Anheuser-Busch InBev NV (ABI), the world’s biggest brewer, reported third-quarter profit growth that beat estimates as the company raised prices and reduced expenses after buying the rest of Mexico’s Grupo Modelo SAB.
So-called organic normalized earnings before interest, taxation, depreciation and amortization rose 10.5 percent in the three months through Sept. 30, the Leuven, Belgium-based company said today in a statement. The median estimate of nine analysts surveyed by Bloomberg News was for growth of 5.7 percent.
The Modelo purchase led to savings of $250 million in the four months since it closed, leaving AB InBev on track to meet its $1 billion goal by 2016. At the same time, the brewer has focused on selling pricier beers in the U.S. as demand for so-called mainstream brands wanes and market growth stagnates. Beer revenue growth on an organic basis rose 3 percent in the quarter, falling short of the 3.9 percent analysts anticipated.
“As we expected, this was not a good performance from a topline standpoint and the company leaned heavily on cost saving and pricing to make these numbers,” Anthony Bucalo, an analyst at Banco Santander SA in London, wrote in a note. “Management was sorely tested this quarter and came through in the newly acquired Mexico business and over-delivered in Asia.”
AB InBev’s shares rose as much as 3.5 percent, the steepest gain since Sept. 19. They were up 1.5 percent at 9:29 a.m.
The volume of beer sold by the company in the U.S. and Brazil, AB InBev’s biggest markets, fell more than the industry.

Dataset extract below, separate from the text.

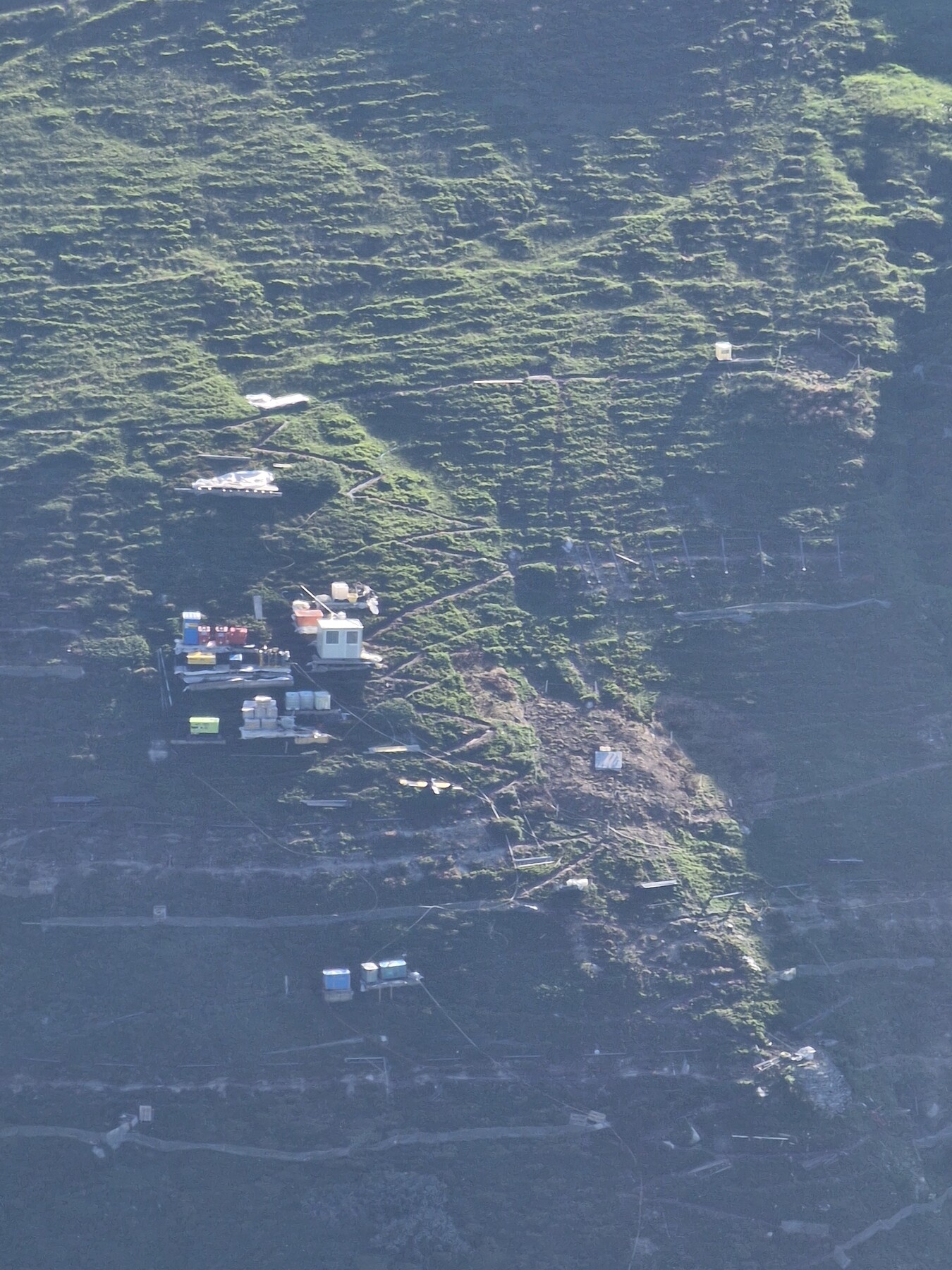 Zoom zum Installationsplatz mitten im steilen Hang auf Cuolm-Val-Seite. Wahrscheinlich für die Lawinenverbauungen.

U.S. sales slid 2.7 percent compared with the beer market’s 1 percent decline there, the brewer said. AB InBev is “confident about the long-term growth potential for the industry, although labor participation and unemployment rates among young adult males remain a concern.”
Brazilian selling volume fell 5 percent and the company said it expects full-year sales for the country’s beer market to be at the “lower-end” of its guidance for an unchanged to low-single-digit decline. Industry volume in Brazil fell 4.3 percent in the quarter because of a weak economy, AB InBev said.
“We are not satisfied with our top-line performance in 2013,” the company said, adding that plans are in place for a “fast start in 2014.” The company’s Budweiser brand is the official beer of next year’s soccer World Cup, which is “due to bring tremendous excitement to Brazil,” Chief Financial Officer Felipe Dutra said on a conference call today.
The integration of Modelo is achieving cost savings quicker than anticipated, the company said. Corona, the main brand acquired in the takeover, increased organic sales by 3.7 percent outside the U.S. The “very special brand” will be rolled out across Brazil ahead of the World Cup.
AB InBev joins rivals in reporting sales that missed estimates. Heineken NV last week cut its forecast for full-year profit after sales fell short of expectations amid weak consumption by beer drinkers in central and eastern Europe. AB InBev’s profit in that region fell 38 percent, the company said today, as beer volume tumbled 26 percent in Ukraine.
Consumer-goods companies including Unilever and Diageo Plc have reported decelerating sales in emerging markets, prompting concern about a slowdown in regions they’d previously relied upon to offset sluggish conditions in the U.S. and Europe.
Projections for emerging-market growth “were somehow linked to very, very high expectations that had to be reset,” Dutra said. “In our case we feel expectations were not that high, and what we’re facing is maybe at the low end of the range, but not off the charts and not a material departure from what we’d already said.”
Asia-Pacific sales grew 8.4 percent as AB InBev expanded its distribution of Budweiser and Harbin in China.
Total normalized Ebitda in the quarter was $4.66 billion, compared with the $4.47 billion median estimate. The measure excludes some items, while organic normalized Ebitda also strips out the effect of currency shifts and acquisitions.